In 2003, Carole Laganière created the film Vues de l’Est (English title East End Kids) to document the lives of seven children, aged eight to twelve, who were being raised in the low income Montreal, Canada neighborhood of Hochelaga-Maisonneuve. At that time the children had aspirations for bright futures. Having kept in contact with the children over the intervening years, Laganière revisited the neighborhood and the children after eight years to document what progress they may have made in their lives.[3] The film is produced by Informaction Productions.[1]
Montreal Mirror, in speaking of Carole Laganière's 2003 documentary Vues de l’Est and the follow up of L’Est pour toujours, wrote that viewers need not have seen the earlier film to be able to appreciate this later offering, "especially since Laganière weaves in moments from the original along with footage shot at intervals in the years since." They noted a similarity to Michael Apted’s Up Series of films, as the viewer sees the subjects grow before their eyes.
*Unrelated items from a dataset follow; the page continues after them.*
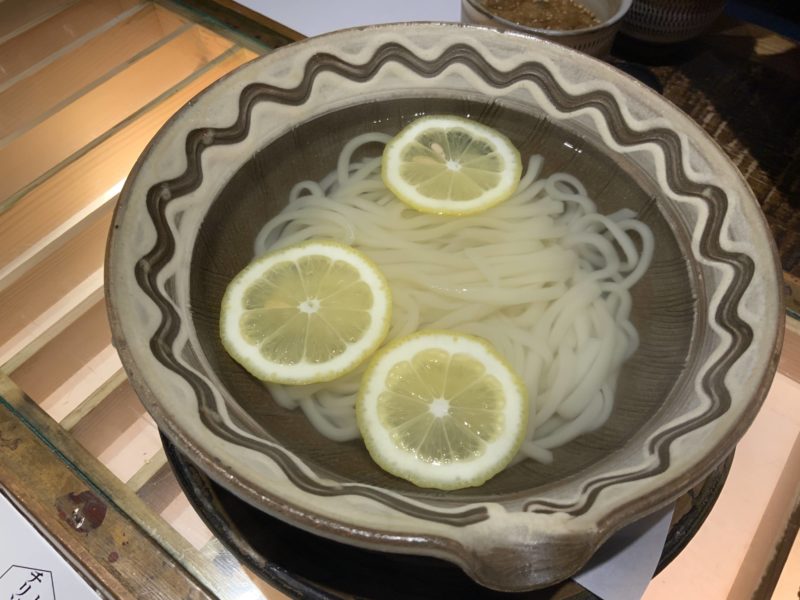 うどんはこんな感じでお湯に入った状態で出てきます。これにダシをつけて食べるのですが…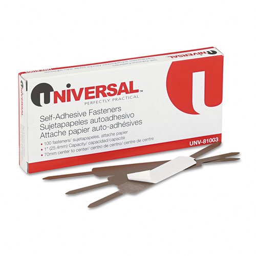 Universal Self-Adhesive Paper and File Fasteners, One Inch Capacity, 100/Box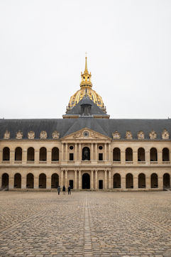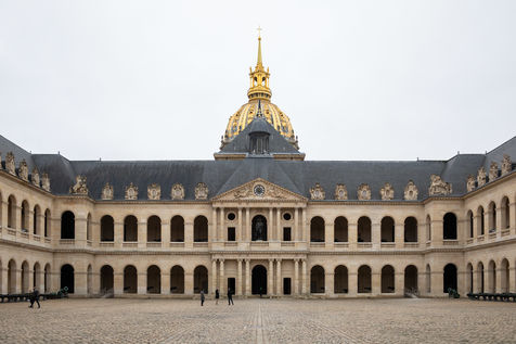 The Hôtel National des Invalides in Paris, is a building in honor of the armed forces. It was built in 1670 under the impulse of Louis XIV. Illustrations of the building and the courtyard of honor, January 2022.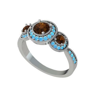 Dumanlı kuvars ve akuamarin 925 ayar gümüş yüzük

The reviewer writes that the subjects "discuss their lives and problems with remarkable frankness," and that while the film's tone is occasionally depressing as the viewer learns that some of the subjects are repeating the patterns seen eightyears earlier, the director "captures their stories with heart, leaving you wishing for a large-scale project such as Apted’s to come out of this—and hoping that these kids somehow turn out okay."[1]
Le Cinema wrote that the film was "...touchant et révélateur, s'intitule et il rappelle au tournant le brio de plusieurs documentaires québécois," (...touching and revealing, and seen as brilliant of the several extant Quebec documentaries) and after expanding on the individuals whose lives are being documented, concluded "En espérant que la cinéaste renoue avec ses sujets dans cinq ou dix ans, un peu comme XV le fait périodiquement dans sa série «Up»" (it is hoped that the filmmaker returns to his subjects in another five or ten years, giving them the regular coverage as has Michael Apted for the subjects of the Up Series).[2]